**PROBLEM DESCRIPTION:**
Your task is to return exactly the lines that run from the one containing "for Self-Feeding |" through the end of the listing below, without any pictures.

**DATA:**
---------------
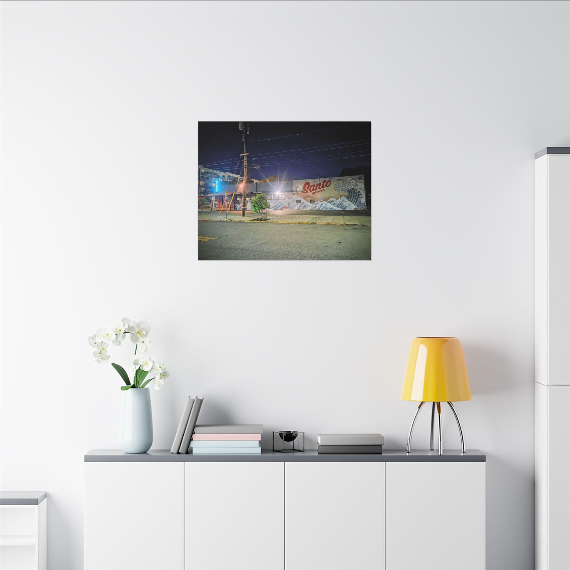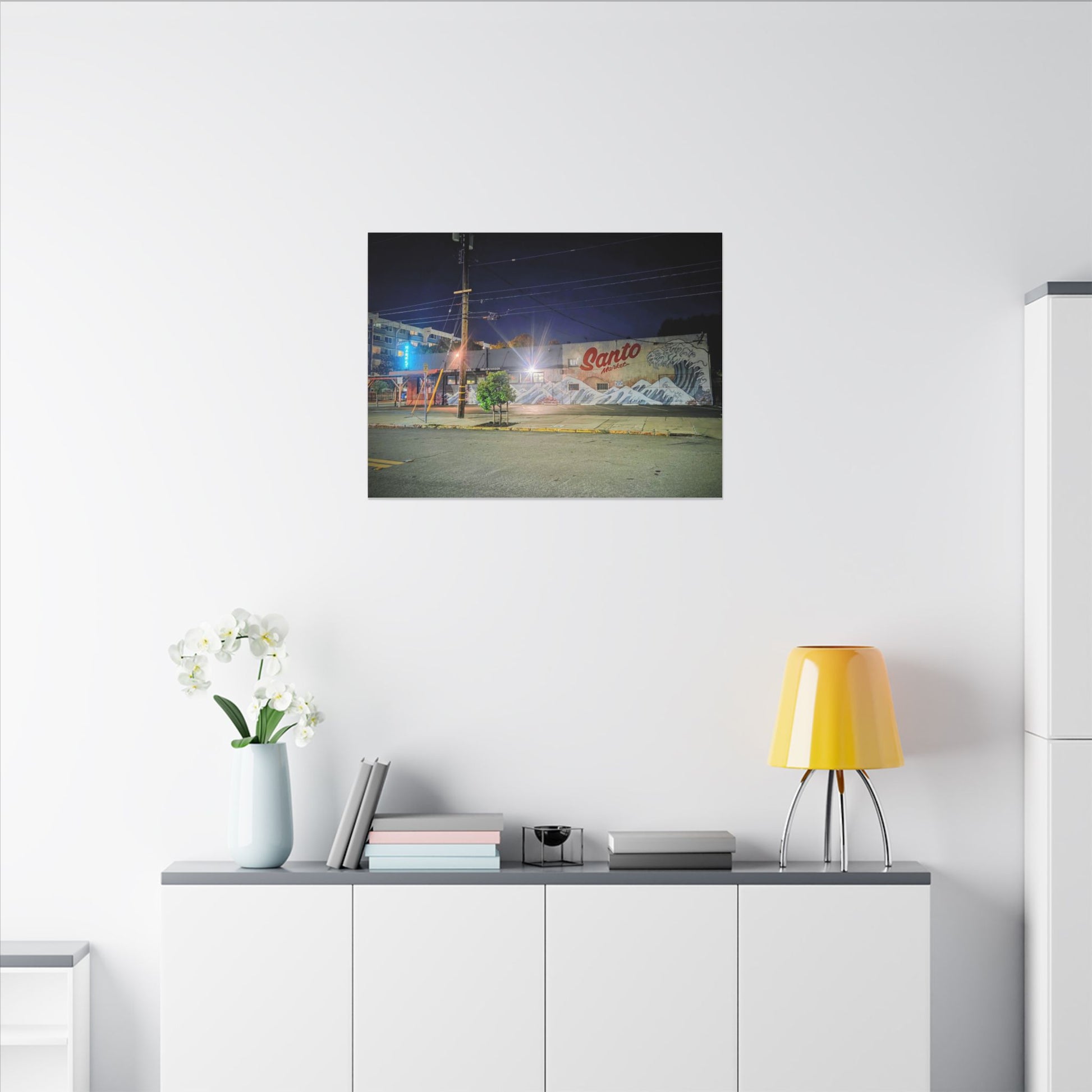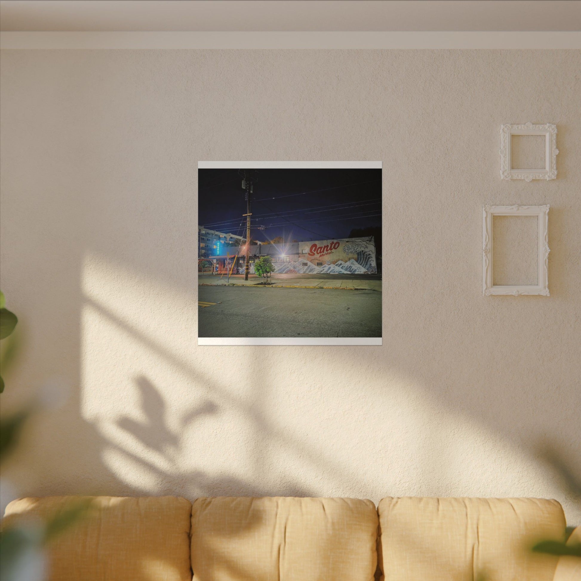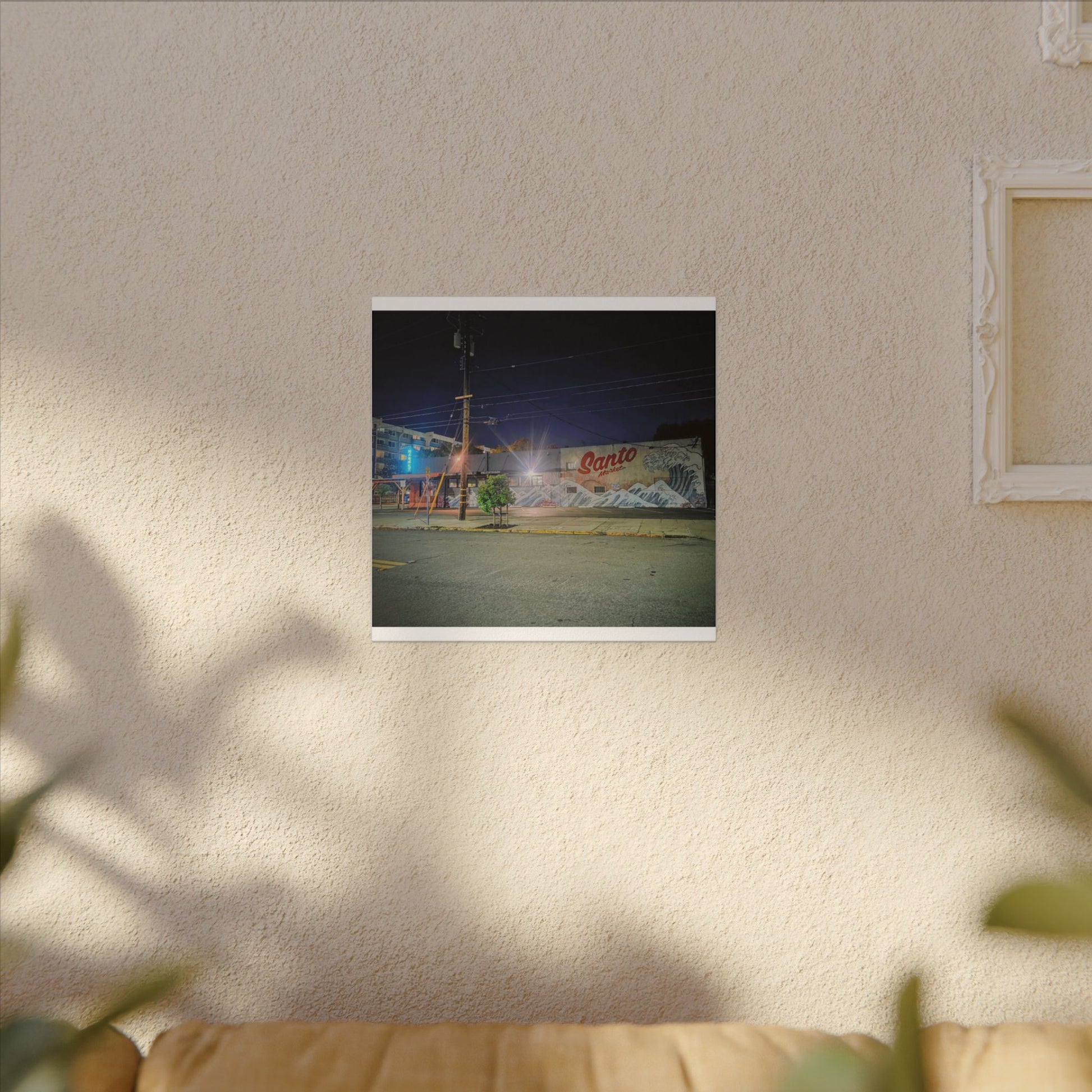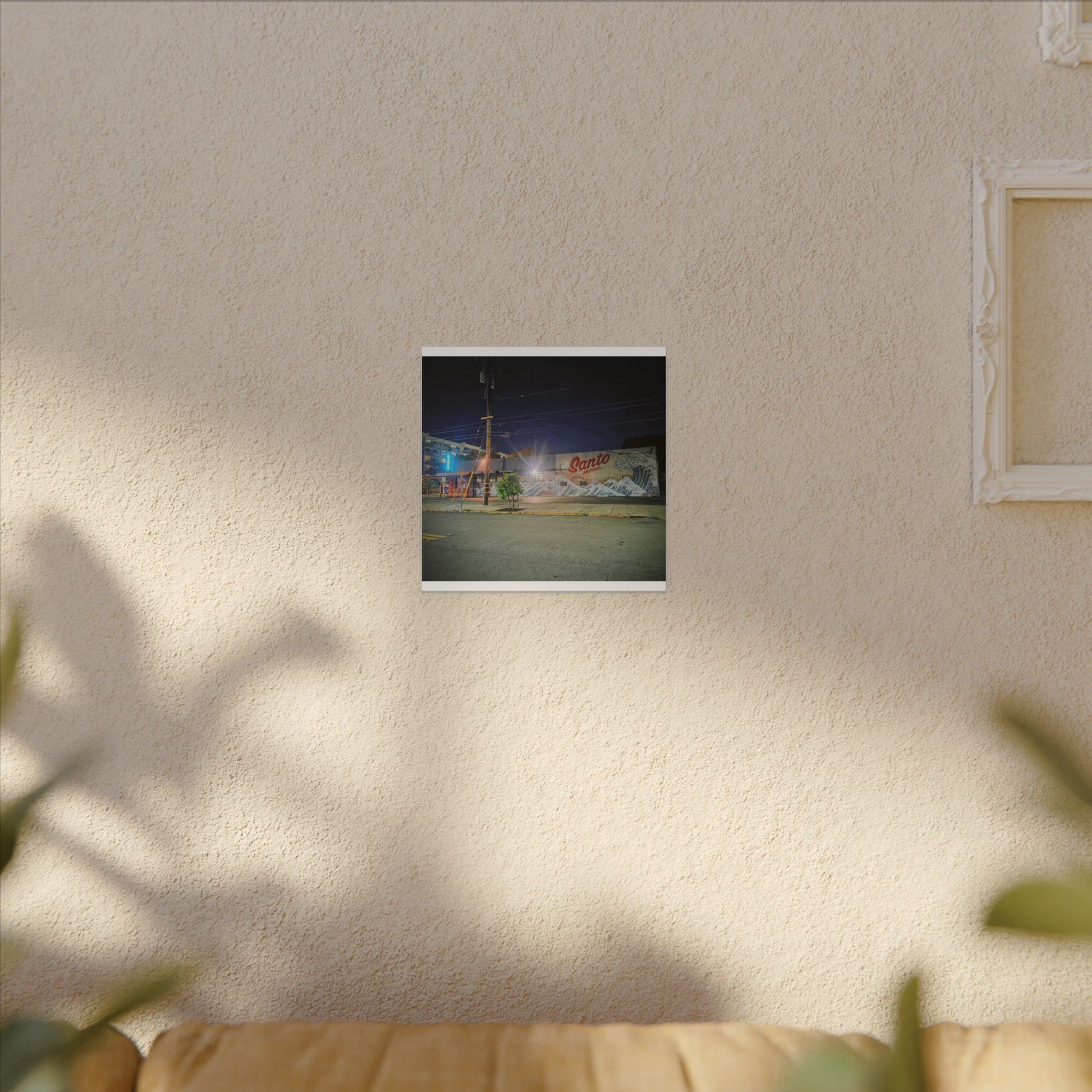 This stretched matte canvas brings a quiet-city-at-night mural into your space with rich, lasting color and a subtle textured finish. The photograph captures a nighttime street scene — neon glows, a mural reading “Santo,” and soft reflections across pavement — translated onto a high-quality cotton/poly canvas with a low-sheen matte coating. It hangs flush and steady on the wall, the slim 0.75" profile keeping the image front-and-center without bulk. Use it to ground a living room wall, add character to a studio, or create a moody focal point in an office. Each print is produced with eco-conscious materials and inks, so it looks vibrant while keeping sustainability in mind.
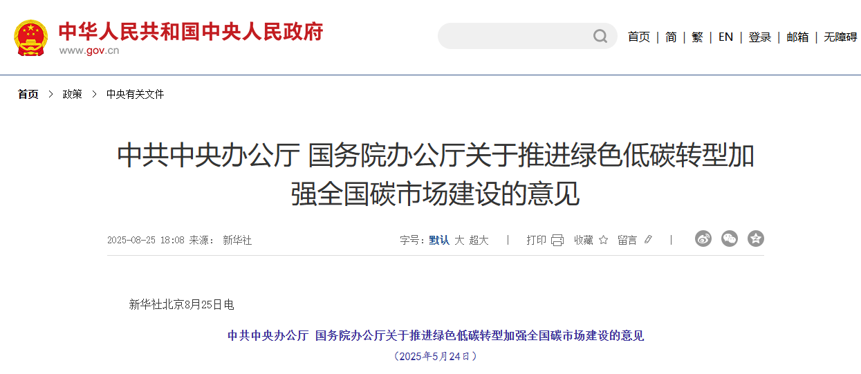 中共中央辦公廳、國(guó)務(wù)院辦公廳關(guān)于推進(jìn)綠色低碳轉(zhuǎn)型加強(qiáng)全國(guó)碳市場(chǎng)建設(shè)的意見
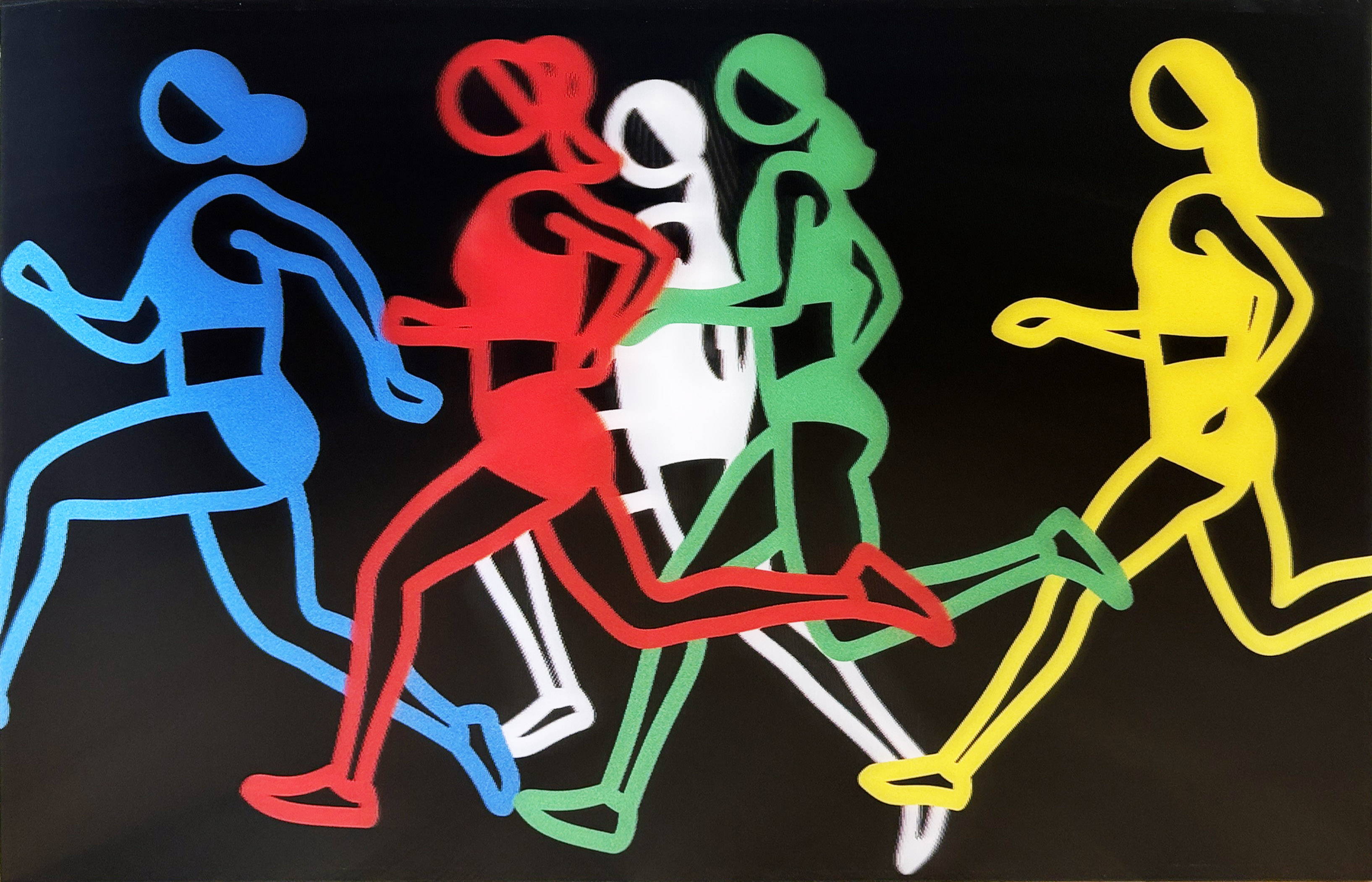 This lenticular work captures Opie's signature reduction of human forms to essential linear elements, utilizing the medium's animated properties to suggest the dynamic motion of female athletes in stride. The piece exemplifies the artist's ongoing exploration of movement and identity through his distinctive minimalist visual language.
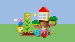 Kreatywna zabawka zawiera dwadzieścia elementów, w tym figurki Peppy i George’a. Dzieci mogą spędzać czas w ogrodzie lub bawić się w chowanego. Domek na drzewie dodatkowo zapewnia przestrzeń do odpoczynku lub zabawy przez okno na zawiasach, co rozwija koordynację i małą motorykę.
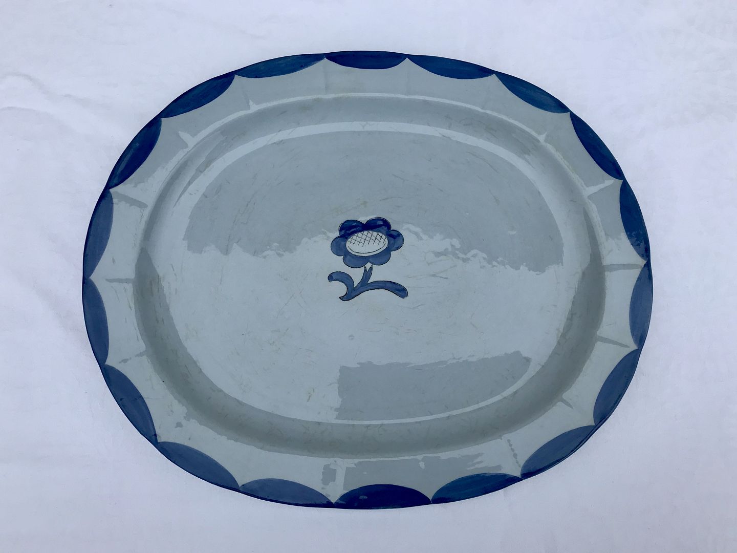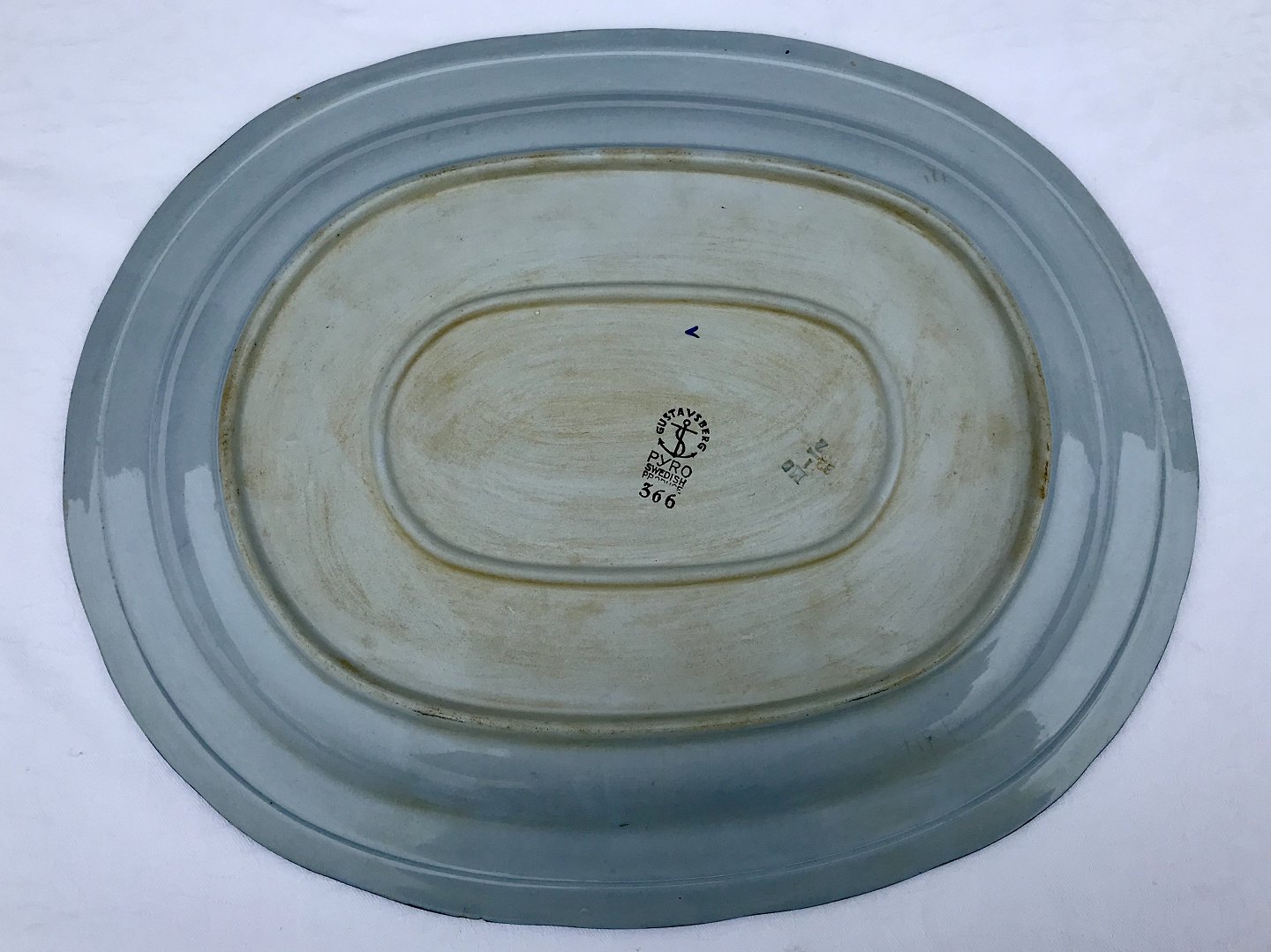 Gustavsberg, Blå pyro, Serveringsfad, 33cm bred, 27cm dyb, Nr. 566, Design Wilhelm Kåge *Krakkeleret*
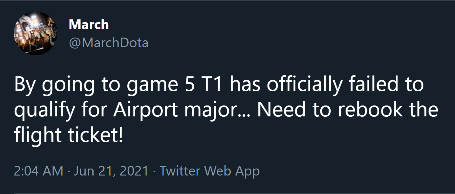 Nét mặt cau có, đầy lo lắng của March đã trở thành đề tài bàn tán của cộng đồng Dota 2 trong suốt nửa ngày vừa qua. Nhiều người cho rằng March từng là một đội trưởng cực kỳ nghiêm khắc khi còn thi đấu cùng với việc anh từng thực hiện nghĩa vụ quân sự trong quân đội Hàn Quốc, nên anh không muốn các đồng đội tỏ ra vui mừng quá đà ngay cả khi giành chiến thắng. Nhưng sự thật thì không phải là vậy. Đằng sau vẻ mặt cau có của HLV người Hàn Quốc là tấm vé máy bay rời Kiev của cả đội. Vậy là hóa ra không phải là do March khó tính hay nghiêm khắc mà chỉ đơn giản là anh đang cố gắng để thúc giục các đồng đội chuẩn bị hành lý để ra sân bay trước khi lỡ mất chuyến bay. Nhưng bất chấp những nỗ lực của HLV người Hàn Quốc, T1 vẫn đã lỡ hẹn với chiếc máy bay trở về Philippines và buộc phải chờ đợi chuyến bay khác.
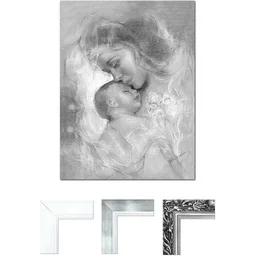 Obraz Matka Boża z Dzieciątkiem Jezus Obraz religijny przedstawia Najświętszą Marię Pannę przytulającą swojego Syna, Jezusa Chrystusa. W powyższym obrazie zastosowano stonowaną gamę kolorystyczną, podkreśloną ostrym zarysem konturów i szczegółów. To połączenie wspaniale oddaje jednoczesną delikatność i subtelność Matki Bożej wraz z jej silną miłością do Syna. Dzięki zastosowaniu wysokiej jakości urządzeń drukujących wizerunek charakteryzuje się wspaniałą kolorystyką i wyrazistością, które podkreślają nastrój panujący w obrazie. Obraz religijny dostępny w trzech rozmiarach:
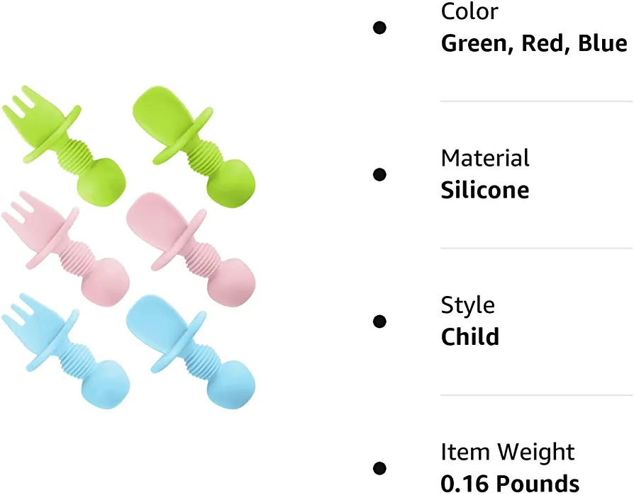 | nameOriginal | 6 Pcs Silicone Baby Spoons First Stage and Baby Fork, Toddler Utensils for Baby Led Weaning, Chewable Baby Utensils for Self-Feeding |
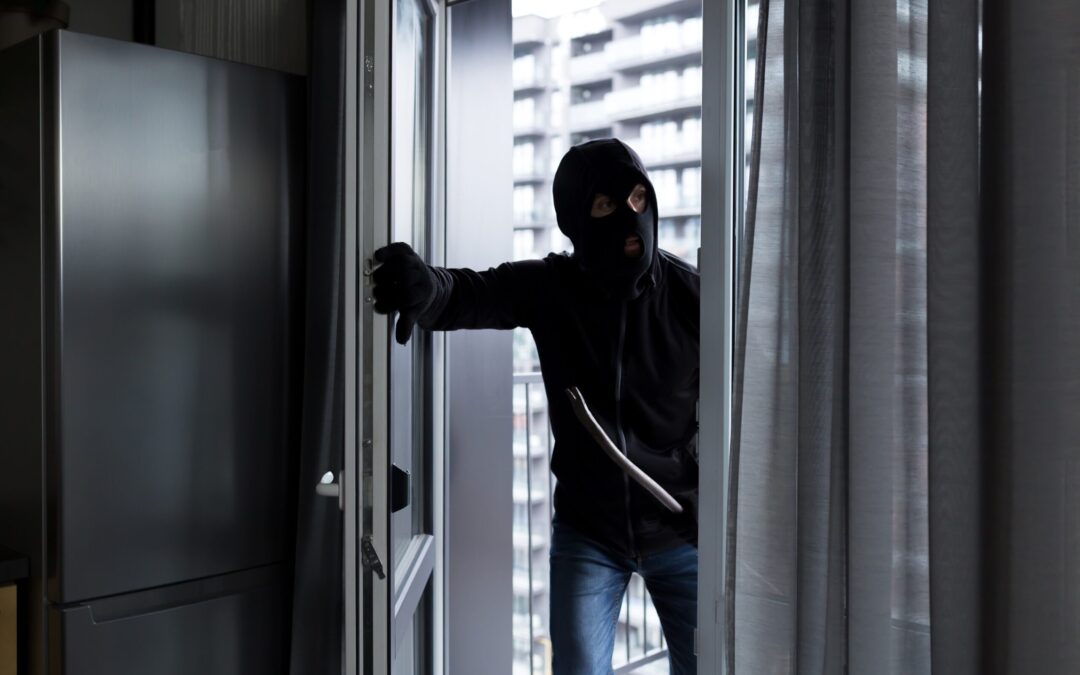 A male thief in a black mask, enters the apartment for robbery, the robber broke the door lock Dec 19, 2023
---------------
**YOUR RESPONSE:**
 | nameOriginal | 6 Pcs Silicone Baby Spoons First Stage and Baby Fork, Toddler Utensils for Baby Led Weaning, Chewable Baby Utensils for Self-Feeding |
 A male thief in a black mask, enters the apartment for robbery, the robber broke the door lock Dec 19, 2023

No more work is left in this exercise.